» Description of the task
From the line with "Dialog Mikey: It's" to the line with "या व्हिडीओमध्ये तुम्ही", retype every line exactly, including those two, and leave out the rest of the data below.

» Dataset items
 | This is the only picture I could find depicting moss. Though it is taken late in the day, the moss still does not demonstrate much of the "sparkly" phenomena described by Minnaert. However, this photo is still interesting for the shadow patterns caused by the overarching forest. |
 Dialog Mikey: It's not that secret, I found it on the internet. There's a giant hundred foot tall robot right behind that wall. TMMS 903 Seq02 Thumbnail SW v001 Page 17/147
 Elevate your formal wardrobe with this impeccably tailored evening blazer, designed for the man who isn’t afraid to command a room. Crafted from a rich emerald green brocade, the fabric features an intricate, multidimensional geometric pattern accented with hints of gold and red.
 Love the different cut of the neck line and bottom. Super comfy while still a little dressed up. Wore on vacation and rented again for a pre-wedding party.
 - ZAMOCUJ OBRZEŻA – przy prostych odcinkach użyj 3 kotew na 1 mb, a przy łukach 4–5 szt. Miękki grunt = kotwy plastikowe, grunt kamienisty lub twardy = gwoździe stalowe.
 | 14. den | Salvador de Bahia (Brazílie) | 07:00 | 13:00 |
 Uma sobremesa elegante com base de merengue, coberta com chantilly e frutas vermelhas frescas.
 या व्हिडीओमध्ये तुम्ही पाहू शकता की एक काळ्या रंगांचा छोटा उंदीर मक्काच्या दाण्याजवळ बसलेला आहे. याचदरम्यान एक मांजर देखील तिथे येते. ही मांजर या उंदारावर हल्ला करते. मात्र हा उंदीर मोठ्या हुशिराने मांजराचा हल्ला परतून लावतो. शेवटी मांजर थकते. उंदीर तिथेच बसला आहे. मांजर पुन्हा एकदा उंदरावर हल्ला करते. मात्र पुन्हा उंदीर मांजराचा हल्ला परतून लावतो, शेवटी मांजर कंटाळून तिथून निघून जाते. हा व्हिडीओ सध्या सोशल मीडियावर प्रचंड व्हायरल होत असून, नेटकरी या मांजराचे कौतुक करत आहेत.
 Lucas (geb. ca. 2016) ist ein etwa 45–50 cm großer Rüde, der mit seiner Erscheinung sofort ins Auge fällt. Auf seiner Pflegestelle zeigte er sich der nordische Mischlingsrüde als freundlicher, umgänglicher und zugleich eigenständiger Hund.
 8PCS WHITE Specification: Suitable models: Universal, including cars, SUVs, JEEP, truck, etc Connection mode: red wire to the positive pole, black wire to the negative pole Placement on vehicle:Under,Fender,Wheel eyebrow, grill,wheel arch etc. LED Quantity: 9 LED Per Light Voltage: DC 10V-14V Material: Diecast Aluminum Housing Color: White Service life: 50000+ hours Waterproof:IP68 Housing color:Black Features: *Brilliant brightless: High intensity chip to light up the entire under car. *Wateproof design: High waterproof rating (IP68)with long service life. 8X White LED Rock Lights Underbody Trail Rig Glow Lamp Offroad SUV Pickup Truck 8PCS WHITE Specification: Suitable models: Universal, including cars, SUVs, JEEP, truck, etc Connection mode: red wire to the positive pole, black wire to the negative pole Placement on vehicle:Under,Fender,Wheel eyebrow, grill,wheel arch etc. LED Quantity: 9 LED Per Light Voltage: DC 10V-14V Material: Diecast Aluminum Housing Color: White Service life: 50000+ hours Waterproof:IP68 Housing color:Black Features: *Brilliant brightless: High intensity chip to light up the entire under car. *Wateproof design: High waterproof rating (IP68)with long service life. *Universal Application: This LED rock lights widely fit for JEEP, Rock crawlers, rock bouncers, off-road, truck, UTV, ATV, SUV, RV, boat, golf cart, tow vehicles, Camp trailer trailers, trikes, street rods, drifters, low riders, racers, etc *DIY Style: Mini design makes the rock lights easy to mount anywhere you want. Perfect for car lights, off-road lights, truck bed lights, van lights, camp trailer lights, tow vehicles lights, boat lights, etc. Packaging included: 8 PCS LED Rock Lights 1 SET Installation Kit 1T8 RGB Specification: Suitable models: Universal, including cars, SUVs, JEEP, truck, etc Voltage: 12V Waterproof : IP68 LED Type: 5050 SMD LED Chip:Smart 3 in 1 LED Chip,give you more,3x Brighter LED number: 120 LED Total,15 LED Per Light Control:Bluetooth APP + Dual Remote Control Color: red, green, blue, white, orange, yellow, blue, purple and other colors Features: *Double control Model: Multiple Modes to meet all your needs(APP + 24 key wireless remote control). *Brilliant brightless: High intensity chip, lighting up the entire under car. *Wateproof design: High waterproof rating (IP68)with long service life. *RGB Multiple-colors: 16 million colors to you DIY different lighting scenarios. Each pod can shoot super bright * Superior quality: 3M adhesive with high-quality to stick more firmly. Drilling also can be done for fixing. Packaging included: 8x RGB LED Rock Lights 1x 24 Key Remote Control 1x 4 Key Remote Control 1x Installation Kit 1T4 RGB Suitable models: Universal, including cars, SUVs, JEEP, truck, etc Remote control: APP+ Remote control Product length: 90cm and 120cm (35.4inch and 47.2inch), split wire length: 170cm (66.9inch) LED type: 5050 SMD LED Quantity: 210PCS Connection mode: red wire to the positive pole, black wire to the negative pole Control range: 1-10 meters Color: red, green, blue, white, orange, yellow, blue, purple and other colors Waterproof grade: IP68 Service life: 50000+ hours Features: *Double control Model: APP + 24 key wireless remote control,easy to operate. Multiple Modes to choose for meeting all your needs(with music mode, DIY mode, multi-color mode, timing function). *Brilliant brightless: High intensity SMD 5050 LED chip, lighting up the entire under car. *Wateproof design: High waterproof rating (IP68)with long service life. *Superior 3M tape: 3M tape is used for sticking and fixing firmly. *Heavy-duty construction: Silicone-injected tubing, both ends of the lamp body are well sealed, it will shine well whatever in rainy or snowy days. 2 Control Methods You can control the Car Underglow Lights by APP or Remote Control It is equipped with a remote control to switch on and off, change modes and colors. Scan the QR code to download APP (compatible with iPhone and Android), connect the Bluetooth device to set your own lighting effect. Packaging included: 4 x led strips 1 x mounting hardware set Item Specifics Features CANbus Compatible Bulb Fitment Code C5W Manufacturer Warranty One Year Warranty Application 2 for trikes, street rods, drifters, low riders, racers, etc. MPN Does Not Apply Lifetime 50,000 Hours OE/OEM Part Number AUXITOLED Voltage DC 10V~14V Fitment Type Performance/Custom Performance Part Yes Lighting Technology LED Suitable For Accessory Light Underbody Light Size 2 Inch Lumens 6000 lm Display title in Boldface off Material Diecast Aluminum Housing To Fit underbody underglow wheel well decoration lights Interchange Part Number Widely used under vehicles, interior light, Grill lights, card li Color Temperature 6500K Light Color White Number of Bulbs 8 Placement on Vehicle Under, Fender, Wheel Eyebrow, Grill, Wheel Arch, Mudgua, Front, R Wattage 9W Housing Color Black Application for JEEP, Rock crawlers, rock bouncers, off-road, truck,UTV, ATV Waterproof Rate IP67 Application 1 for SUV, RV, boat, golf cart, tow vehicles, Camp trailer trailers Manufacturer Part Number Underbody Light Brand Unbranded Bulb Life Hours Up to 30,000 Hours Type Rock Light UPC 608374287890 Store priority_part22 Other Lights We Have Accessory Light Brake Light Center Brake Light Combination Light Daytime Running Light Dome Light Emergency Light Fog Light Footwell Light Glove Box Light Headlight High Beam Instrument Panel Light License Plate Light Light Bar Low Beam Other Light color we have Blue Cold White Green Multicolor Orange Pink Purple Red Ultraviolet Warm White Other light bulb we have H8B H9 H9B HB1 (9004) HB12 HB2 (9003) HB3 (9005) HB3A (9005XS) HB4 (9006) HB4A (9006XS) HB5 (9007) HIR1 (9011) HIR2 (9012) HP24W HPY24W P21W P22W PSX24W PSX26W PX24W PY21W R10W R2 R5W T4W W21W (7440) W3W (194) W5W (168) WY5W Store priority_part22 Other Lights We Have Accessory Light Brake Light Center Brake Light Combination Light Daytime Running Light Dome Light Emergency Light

» Task answer
 Dialog Mikey: It's not that secret, I found it on the internet. There's a giant hundred foot tall robot right behind that wall. TMMS 903 Seq02 Thumbnail SW v001 Page 17/147
 Elevate your formal wardrobe with this impeccably tailored evening blazer, designed for the man who isn’t afraid to command a room. Crafted from a rich emerald green brocade, the fabric features an intricate, multidimensional geometric pattern accented with hints of gold and red.
 Love the different cut of the neck line and bottom. Super comfy while still a little dressed up. Wore on vacation and rented again for a pre-wedding party.
 - ZAMOCUJ OBRZEŻA – przy prostych odcinkach użyj 3 kotew na 1 mb, a przy łukach 4–5 szt. Miękki grunt = kotwy plastikowe, grunt kamienisty lub twardy = gwoździe stalowe.
 | 14. den | Salvador de Bahia (Brazílie) | 07:00 | 13:00 |
 Uma sobremesa elegante com base de merengue, coberta com chantilly e frutas vermelhas frescas.
 या व्हिडीओमध्ये तुम्ही पाहू शकता की एक काळ्या रंगांचा छोटा उंदीर मक्काच्या दाण्याजवळ बसलेला आहे. याचदरम्यान एक मांजर देखील तिथे येते. ही मांजर या उंदारावर हल्ला करते. मात्र हा उंदीर मोठ्या हुशिराने मांजराचा हल्ला परतून लावतो. शेवटी मांजर थकते. उंदीर तिथेच बसला आहे. मांजर पुन्हा एकदा उंदरावर हल्ला करते. मात्र पुन्हा उंदीर मांजराचा हल्ला परतून लावतो, शेवटी मांजर कंटाळून तिथून निघून जाते. हा व्हिडीओ सध्या सोशल मीडियावर प्रचंड व्हायरल होत असून, नेटकरी या मांजराचे कौतुक करत आहेत.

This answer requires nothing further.